In the copy, include no pictures, but reproduce every record exactly.

■ ■ ■

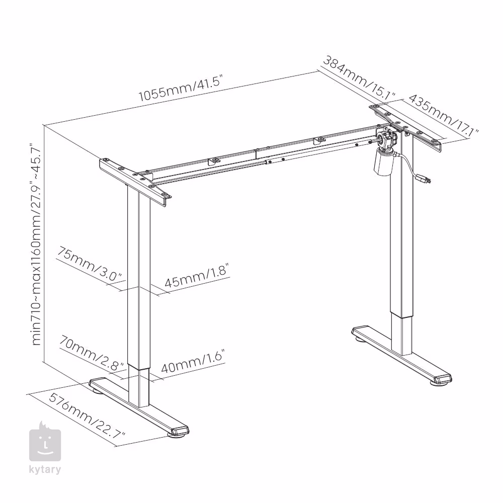 Jedná se o moderní a funkční řešení, které umožňuje nastavit výšku desky (deska není součástí dodávky) v závislosti na individuálních potřebách uživatele. Díky použití inovativní technologie elektrického ovládání lze konstrukci snadno nastavit do různých výšek, což uživatelům umožňuje pracovat v pohodlné a ergonomické poloze. Jedná se o ideální volbu pro lidi, kteří tráví hodně času u počítače nebo vykonávají práci vyžadující dlouhé sezení a chtějí pečovat o své zdraví. Výšku horní části lze nastavit v rozmezí 71 až 116 cm, což tak široké rozpětí, že umožňuje i práci vestoje. Souprava obsahuje intuitivní ovládací panel s indikací přesné výšky a funkčními tlačítky.
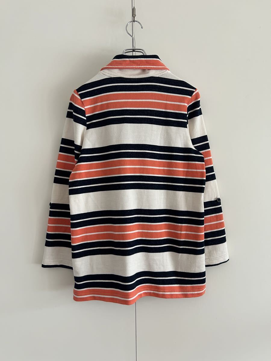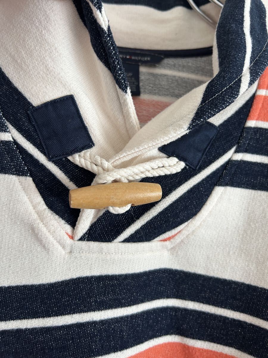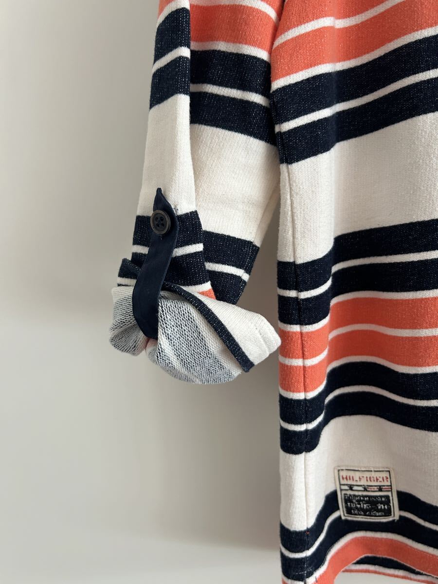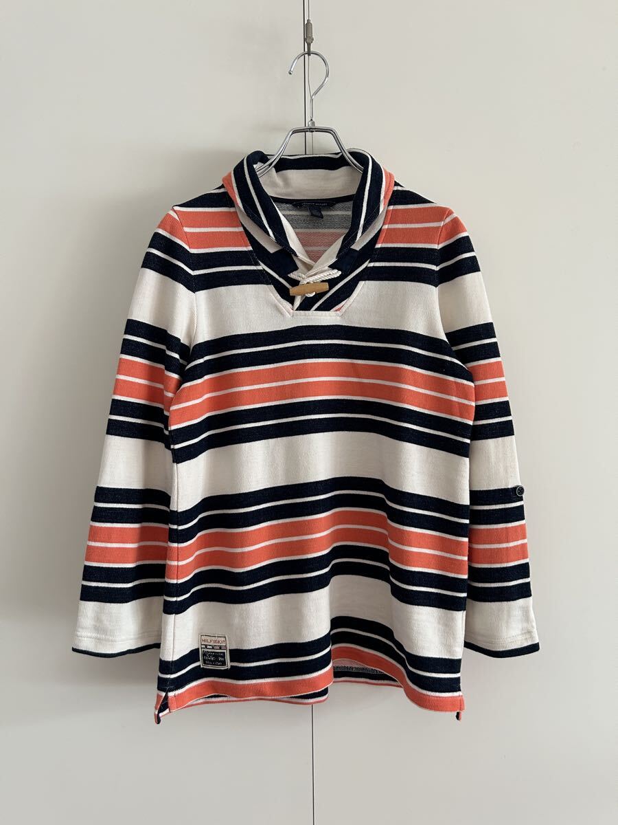 トミーらしいマルチボーダー柄が映えるプルオーバースキッパートップス。ロールアップできる袖タブ付き仕様やトグル風デザインが、カジュアルながら奥行きあるスタイルを作ってくれる一枚です。
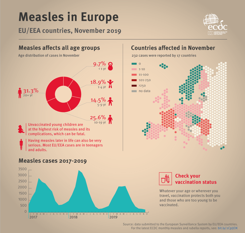 Infographic showing the age distribution of measles cases and the countries affected in November and the number of measles cases 2017-2019.
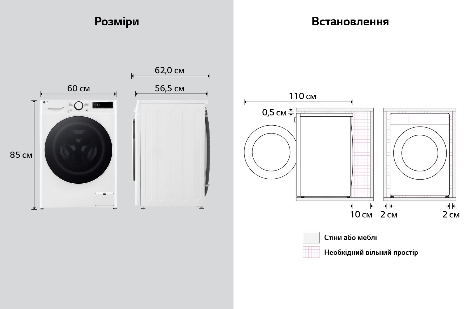 Головна - Побутова техніка, інструменти та товари для дому - Велика побутова техніка - Пральні машини - LG - Пральна машина фронтальна, 11кг, 1400, A, 57см, дисплей, пара, інвертор, білий
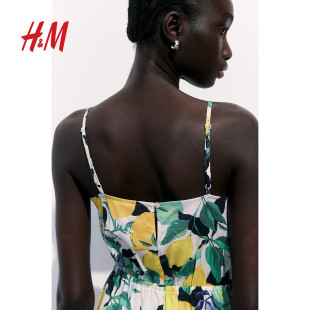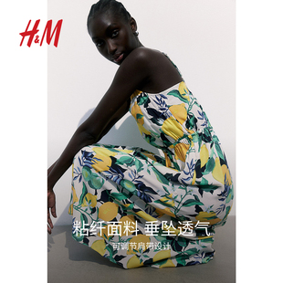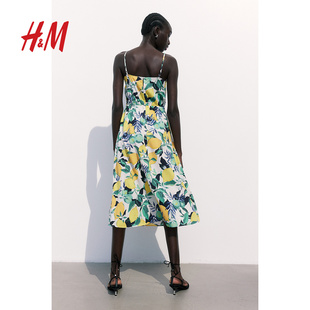 HM女装 气质度假风清新中长植物印花吊带长裙1225346 连衣裙冬季
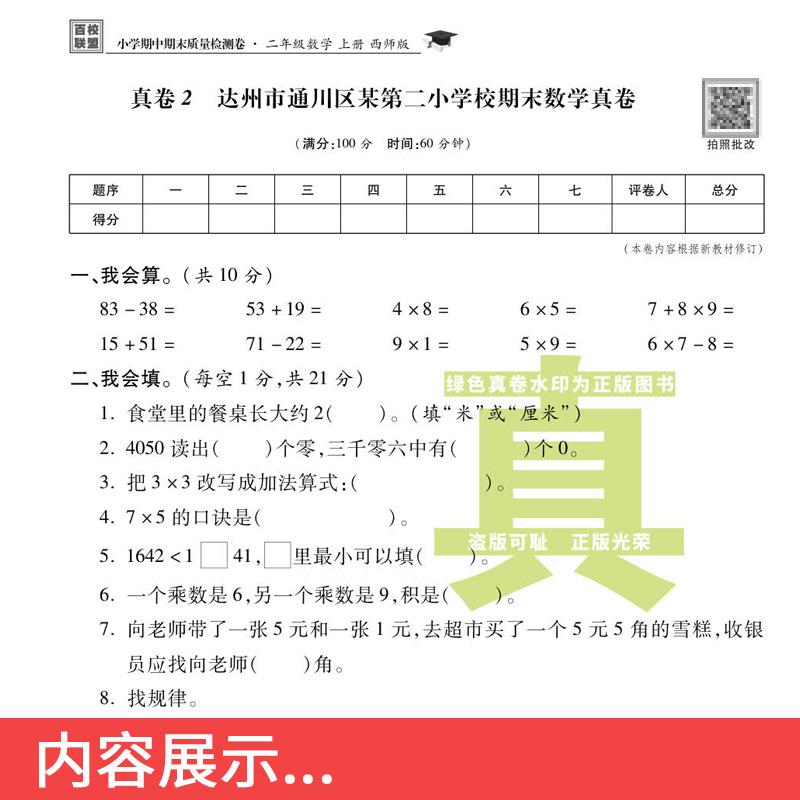 期中期末总复习考试真题试卷 达州自贡泸州成都市重点名校小学二年级上单元 四川十大名校真卷二年级上册期末测试卷数学西师版 XS版
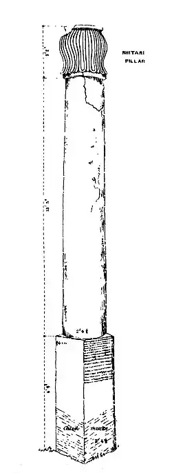 25°34′00″N 83°17′20″E / 25.566654°N 83.288943°E / 25.566654; 83.288943 The Bhitari pillar inscription of Skandagupta was discovered in the village of Bhitari near Saidpur in Uttar Pradesh and dates to the reign of Gupta Empire (Gop Empire, Gop in Sanskrit and Gupt in Pali) ruler Skandagupta (c. 455 – c. 467 CE). Further, the inscription is written in Sanskrit and is 15 feet high.

■ ■ ■

__Written solution__:
 Jedná se o moderní a funkční řešení, které umožňuje nastavit výšku desky (deska není součástí dodávky) v závislosti na individuálních potřebách uživatele. Díky použití inovativní technologie elektrického ovládání lze konstrukci snadno nastavit do různých výšek, což uživatelům umožňuje pracovat v pohodlné a ergonomické poloze. Jedná se o ideální volbu pro lidi, kteří tráví hodně času u počítače nebo vykonávají práci vyžadující dlouhé sezení a chtějí pečovat o své zdraví. Výšku horní části lze nastavit v rozmezí 71 až 116 cm, což tak široké rozpětí, že umožňuje i práci vestoje. Souprava obsahuje intuitivní ovládací panel s indikací přesné výšky a funkčními tlačítky.
 トミーらしいマルチボーダー柄が映えるプルオーバースキッパートップス。ロールアップできる袖タブ付き仕様やトグル風デザインが、カジュアルながら奥行きあるスタイルを作ってくれる一枚です。
 Infographic showing the age distribution of measles cases and the countries affected in November and the number of measles cases 2017-2019.
 Головна - Побутова техніка, інструменти та товари для дому - Велика побутова техніка - Пральні машини - LG - Пральна машина фронтальна, 11кг, 1400, A, 57см, дисплей, пара, інвертор, білий
 HM女装 气质度假风清新中长植物印花吊带长裙1225346 连衣裙冬季
 期中期末总复习考试真题试卷 达州自贡泸州成都市重点名校小学二年级上单元 四川十大名校真卷二年级上册期末测试卷数学西师版 XS版
 25°34′00″N 83°17′20″E / 25.566654°N 83.288943°E / 25.566654; 83.288943 The Bhitari pillar inscription of Skandagupta was discovered in the village of Bhitari near Saidpur in Uttar Pradesh and dates to the reign of Gupta Empire (Gop Empire, Gop in Sanskrit and Gupt in Pali) ruler Skandagupta (c. 455 – c. 467 CE). Further, the inscription is written in Sanskrit and is 15 feet high.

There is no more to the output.